Но углубления уже нет!
На его месте появилась новая пластина. Человек мотает головой из стороны в сторону, протестуя и не соглашаясь с происходящим. Похоже, он пропустил момент, когда на месте старого появился новый имплант.
Импланты вырастают прямо из кости, а не внедряются в нее снаружи!
Человек вновь принимается за дело. В сотый или тысячный раз берет визжащую пилу и пытается отделить имплант. Вновь и вновь повторяет отработанные движения, словно робот, выполняющий определенную функцию.
Селин хочет помочь ему. Но как это сделать? Сейчас она просто взгляд. Тот, кто не может закрыть глаза, потому что это не в его власти. Это данность, а не выбор.
Селин пытается докричаться до человека. Она срывает голос, не издавая ни звука. Приходится смотреть на происходящее. На эту бессмысленную возню с пузырящейся кровью и визгом металла. С оживающими имплантами, которые убегают в темный угол, чтобы устроить там собственную возню.
Становится ясно, что человеку нельзя помочь - такова данность сна. Каждое действие, имеющее цель, отдается эхом, приходящим из темного угла - импланты, частицы человека без души, чутко реагируют на каждое движение.
Селин начинает понимать... Этот мир пропитан ядом энтропии.
Желания, причины и цели. Познание. Каждое действие... все. Это фундаментальная неисправимая порочность. Вездесущий многоликий голод.
Селин получает возможность двигаться - она медленно обходит человека сбоку...
И внезапно проваливается в следующий сон.

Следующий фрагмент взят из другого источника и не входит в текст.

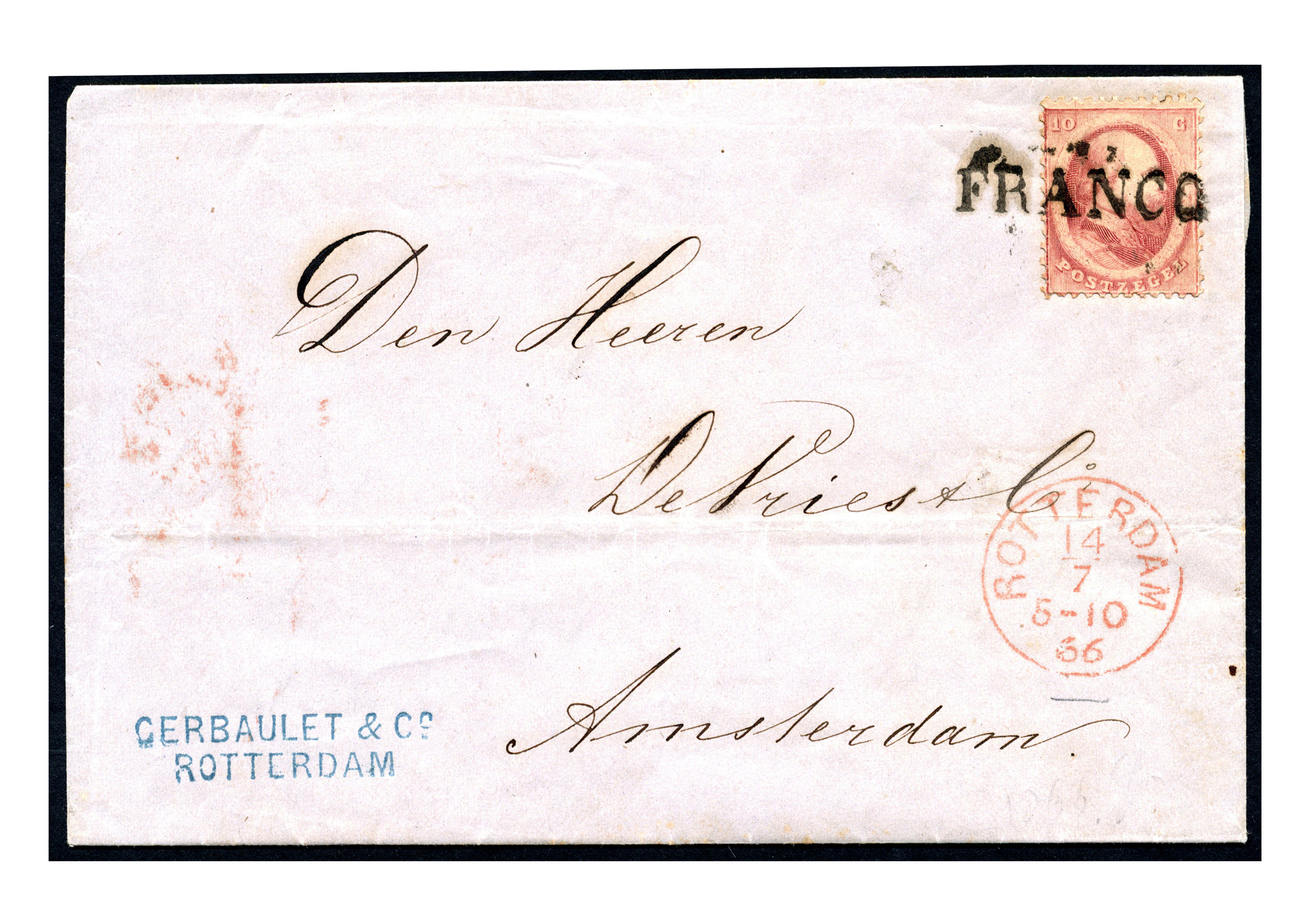 10 Cent nr. 5A, prachtex. op complete brief, afgestempeld met een groot model stempel FRANCO zonder kader, van Rotterdam 14-7-1866 naar Amsterdam 15-7-1866. Gedurende enkele weken in de maand juli 1866 is dit stempel in Rotterdam gebruikt
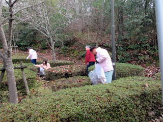 | 12月20日(金曜日)10時30分より井原リフレッシュ公園内にある「井原・ 魚津LC友好の森」の清掃作業を約1時間にわたり行いました。12月に清掃作業をするのは初めてでしたが、サツキの間に植えられた桜の葉や廻りの山の木々から落ちた落葉が多く散らばり参加メンバー一同で清掃を行いました。 | |||

Древние зверолюди собрались вокруг костра. Пламя отражается в больших черных глазах лани, недавно убитой этими хищниками на охоте. Она лежит у костра в центре круга, образованного охотниками.
Еще не люди, но уже не звери.
Они носят одежду, но она из шкур животных. Воздух пещеры сотрясают резкие звуки, вырывающиеся из глотки охотника. Он старается имитировать рык саблезубого тигра, подражать его ярости и бесстрашию, неукротимой силе.
Внутрь круга входит вождь племени, шрамированный мужчина, главный охотник, он носит на шее ожерелье из когтей убитого им когда-то тигра. И вот он, одетый в шкуру того же тигра, подходит к лани.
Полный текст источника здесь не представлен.